To prove that the efficiencies of the ST3Gal 4 gene and HPRT amplification were similar and optimal, RT-qPCR was performed to validate the endogenous gene and to quantify the V1 transcription in cell lines and biopsies. Each reaction was performed in a final volume of 10 µl with the concentrations: 5 µl of 2X Maxima SYBR Green/Rox qPCR Master Mix (Thermo Fisher Scientific, Inc.), 1 µl of 10 mM forward and reverse primers for the V1 isoform of the ST3GAL4 gene or HPRT, and cDNA from SiHa, HeLa, and C33A cell lines that had been previously synthesized, using the aforementioned procedure. A standard curve was determined with the concentrations: 2, 1, 0.5, 0.25, 0.125 and 0.0625 ng/µl. The reactions were performed in triplicate using a StepOne Real-Time PCR System (Applied Biosystems; Thermo Fisher Scientific, Inc.), and the conditions were as follows: 95°C for 10 min, followed by 40 cycles of 95°C for 10 sec, 30 sec at 60°C, and 70°C for 30 sec.

Relative quantification was performed using the comparative CT method with the formula: 2^−ΔΔCq (13). The qPCR reaction was performed with the StepOneReal-Time PCR System (Applied Biosytems; Thermo Fisher Scientific, Inc.). The final reaction volume of 10 µl included 1 µl of cDNA template (0.5 ng final concentration in cell lines and 12 ng in biopsies), 5 µl of 2X Maxima SYBR Green/Rox qPCR Master Mix (Thermo Fisher Scientific, Inc.), 0.5 µl of forward and reverse primers (0.5 µM final concentration) and 3 µl of RNase free water. RT-qPCR was performed under the following conditions: 1 cycle at 50°C for 2 min, 95°C for 10 min, 40 cycles of 95°C for 15 sec, and 60°C for 1 min. Triplicates of each sample were analysed, and negative controls with no cDNA template were included in each assay. Transcript levels were normalized against HPRT expression.

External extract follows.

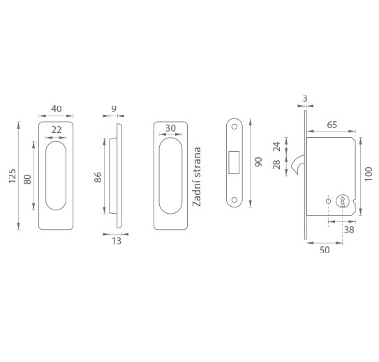 Hranatý set na posuvné dveře s otvorem pro interiérový klíč (BB).

Statistical analysis was performed using the Graph Pad program (version 7; GraphPad Software, Inc., La Jolla, CA, USA). A one-way analysis of variance followed by Tukey's post-test was performed for multiple comparisons. Data are presented as mean ± standard error deviation. P<0.05 was considered to indicate a statistically significant difference. All experiments were repeated in triplicate.

Since isoforms A1 and A2 are reported exclusively in testicle, ovary and placenta these isoforms were excluded from subsequent analysis. First, an alignment was performed among isoforms B1, B2, B3 and B4 reported by Kitagawa et al (11) with those transcript variants reported in GenBank to determine their correspondence and their sequence identity. Table I indicates the B isoforms whose sequence corresponded to the current nomenclature of transcript variants reported in GenBank and the protein isoform coded. Analysis demonstrated that B1 isoform corresponds to V1 variant, BX to V2 and B3 to V4. The B2 isoform sequence was not available in the GenBank data base, and the V3 transcript was not reported by Kitagawa et al (11) (Access date April 29, 2016).

Next, the presence of the transcripts variants V1, V2 and V3 was evaluated in cervical cell lines. The RT-PCR analysis demonstrated that V1 and V2 transcripts were present in all the cervical cell lines, SiHa, HeLa, and C33A, and in the human keratinocyte cell line HaCaT; V3 transcript was present in SiHa, HeLa and HaCaT cell lines, however not in C33A (Fig. 1).

The expression level of the V1 transcript was determined in the cervical cell lines SiHa, HeLa and C33A. The ΔΔCq analysis demonstrated that SiHa cells exhibited the highest expression (Fig. 2) compared with HeLa, C33A and HaCaT. In every case, significant differences were identified.

Next, the V1 transcript levels in biopsies were analysed to determine whether the V1 transcript modifies its expression in relation to cervical neoplasia grade. Relative quantification was performed by RT-qPCR using 8 samples of normal tissue, 7 samples of squamous intraepithelial lesions (low and high grade) and 8 samples of cervical cancer. Premalignant lesions and cervical cancer demonstrated a decreased level of V1 transcript compared with normal tissue (Fig. 3). In every case, significant differences were identified.